SEC. 106. Rulemaking authority of Supreme Court and Judicial Conference.

Nothing in this title shall restrict in any way the authority of the Judicial Conference and the Supreme Court to propose and prescribe general rules of practice and procedure under chapter 131 of title 28, United States Code.

SEC. 107. Effective date.

The amendments made by the title shall apply to any civil action pending on the date of enactment of this title or commenced thereafter.

TITLE IIFurthering Asbestos Claim Transparency

SEC. 201. Short title.

This title may be cited as the “Furthering Asbestos Claim Transparency (FACT) Act of 2017”.

SEC. 202. Amendments.

Section 524(g) of title 11, United States Code, is amended by adding at the end the following:

“(8) A trust described in paragraph (2) shall, subject to section 107—

“(A) file with the bankruptcy court, not later than 60 days after the end of every quarter, a report that shall be made available on the court’s public docket and with respect to such quarter—

“(i) describes each demand the trust received from, including the name and exposure history of, a claimant and the basis for any payment from the trust made to such claimant; and

“(ii) does not include any confidential medical record or the claimant’s full social security number; and

“(B) upon written request, and subject to payment (demanded at the option of the trust) for any reasonable cost incurred by the trust to comply with such request, provide in a timely manner any information related to payment from, and demands for payment from, such trust, subject to appropriate protective orders, to any party to any action in law or equity if the subject of such action concerns liability for asbestos exposure.”.

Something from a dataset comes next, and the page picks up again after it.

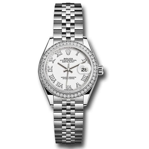 Rolex 279384RBR wrj Stainless Steel Lady Datejust 28mm Watch. 28mm white Rolesor case comprised of a 904L steel monobloc middle case, screw-down steel back, screw-down crown with twinlock double waterproofness system, 18K white gold fluted bezel set with 44 diamonds, scratch-resistant sapphire crystal with cyclops lens over the date and double anti-reflective coating, white dial, Roman numerals, Rolex calibre 2236 automatic movement with center hour, minute and seconds hands, instantaneous date with rapid setting, and stop-seconds for precise time setting, stainless steel Jubilee bracelet with five-piece links, concealed folding Crownclasp buckle. Waterproof to 100 meters.

SEC. 203. Effective date; application of amendments.

(a) Effective date.—Except as provided in subsection (b), this title and the amendments made by this title shall take effect on the date of the enactment of this title.

(b) Application of amendments.—The amendments made by this title shall apply with respect to cases commenced under title 11 of the United States Code before, on, or after the date of the enactment of this title.

Passed the House of Representatives March 9, 2017.